*Goal of the exercise*: Restate all of the entries exactly. Any picture in them should be skipped.
******
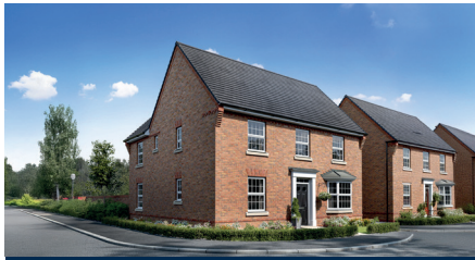
The Avondale - 4 bedroom detached

A sneak peak of the Show Homes available to view
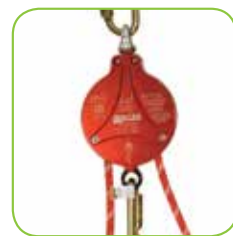
Backup Braking System included in Premium Kit

Best choice for users whose job does not normally include rescue
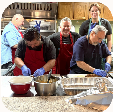
Meal Team - Fed over 1000 people this year
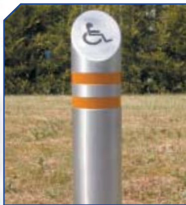
OPTI 114 sloping top
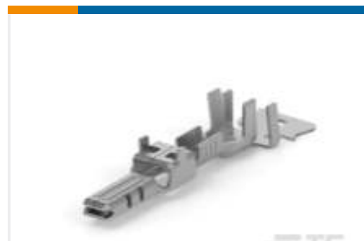
TE Part #2238067-1 PTL TAB CONTACT, 18 AWG
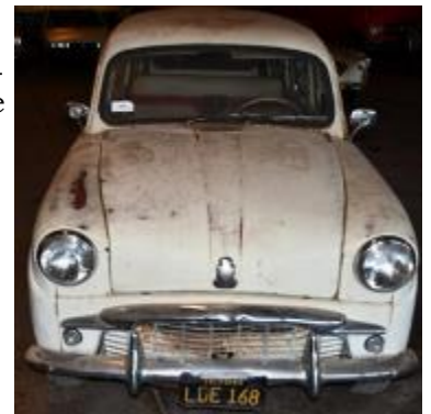
1959 Triumph TR10: Sold for $6700
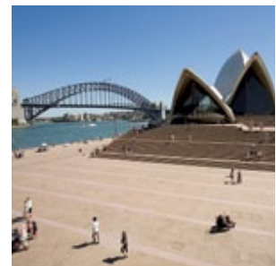
Harbour Bridge and Opera House
******
*Task solution*:
The Avondale - 4 bedroom detached

A sneak peak of the Show Homes available to view
Backup Braking System included in Premium Kit

Best choice for users whose job does not normally include rescue
Meal Team - Fed over 1000 people this year
OPTI 114 sloping top
TE Part #2238067-1 PTL TAB CONTACT, 18 AWG
1959 Triumph TR10: Sold for $6700
Harbour Bridge and Opera House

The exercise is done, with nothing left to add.